“Your father would love this,” my mother remarked as she nodded to the craziness occurring in the dining room. I nodded in agreement. We were cleaning dishes and listening to my oldest son, youngest daughter and her best friend abuse each other. It was a perfect night. Cold, windy and snow-covered outside; music playing, wood-stove burning hot and laughter galore inside. The house smelled great and our bellies were full. My Taco Tuesday feast (a day late) of Tacos, Quesadillas, homemade Spanish Rice, and Guacamole was a hit.
Mom was right, Dad would have enjoyed seeing this. He worked his whole life to build a home like this to retire in, entertain his friends and spoil his 6 Grandchildren. It is a true goddamn shame that he would not see this come true. We didn’t get together nearly as often as he, and I, would have liked. Shit happens and time flies. My situation did not allow me to come up. A difficult work schedule, a young family and a wife who resisted coming up (too buggy, too far, too much time in the car, I can’t sleep up there, and I’m too much of a rigid bitch to give you what you want) caused time to slip away far too fast. By the time our schedules freed up a little, Dad was sick and visits became difficult. By difficult, I mean it was hard to watch. I barely held it together, but the children had a visibly hard time with it. The once virile, humorous and incredibly active man was transforming into a shell of his former self. It was not unlike seeing the air escape a balloon in slow motion. It became increasingly difficult for him to go out of the house, he had a hard time getting in and out of cars, and once he couldn’t drive, any optimism he had was out the window.

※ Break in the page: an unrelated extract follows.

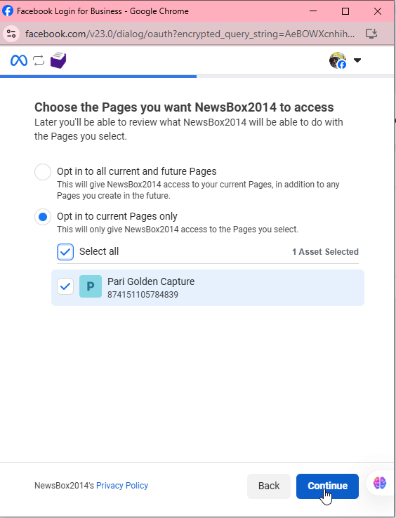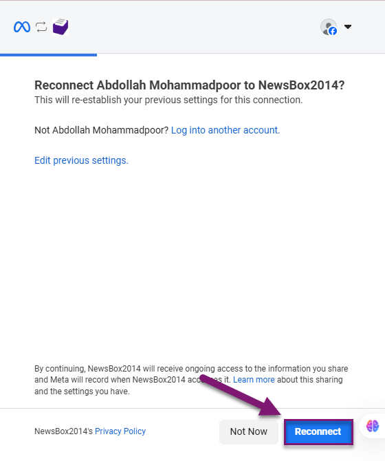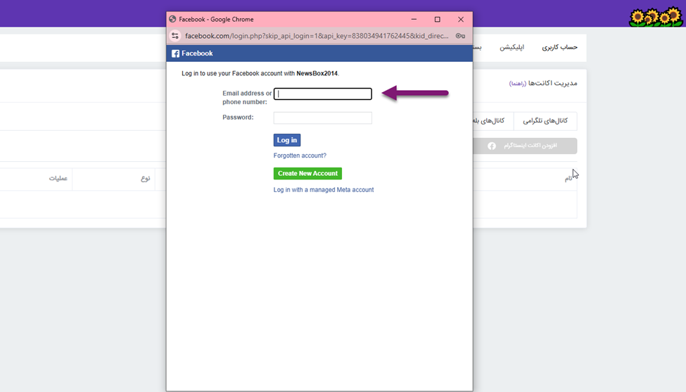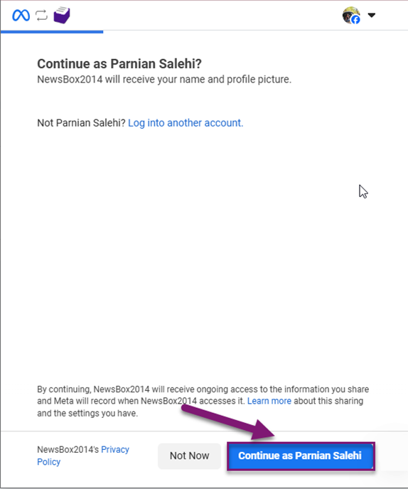 به خاطر داشته باشید، اگر پیش از “اتصال اکانت اینستاگرام” در نیوزباکس، از قبل در مرورگر خود، در اکانت فیسبوکتان لاگین کرده باشید به صورت اتوماتیک و با صرف مراحل کمتری، فرآیند اتصال اکانت انجام میشود.

The good and bad memories of my father surround me. His influence is everywhere. Pictures on the mantle, the flag handed to me at his funeral by a grateful nation, the hand made furniture are good ones. The safety rails in the bathroom and the disassembled handicap ramp in the back yard are not. I remember once, when he had a caretaker at the house, I walked by the bathroom and Dad was on the toilet. He needed to be wiped. I asked him if he wanted my help even as I realized that I had never thought of wiping my father’s ass for him. I also never envisioned a day he would need me to. Dad couldn’t talk but he mouthed the name “Arthur” (the caretaker) and I went to get him. I knew then that the last thing Dad wanted was for me to wipe him, he was embarrassed that I saw him like that. That was a tough day.
Still, I remember the few times that we did get together as a family. Fond memories of him manning the grill, making a campfire, toasting marshmallows, playing with the grandkids, having dinner and playing phase 10 after, these are all great memories.
Yes, he would have loved to be here tonight. I would love for him to be here as well. He really left us too soon. I really want to believe that he is here, somewhere in this house, enjoying the laughter and keeping a careful eye on us.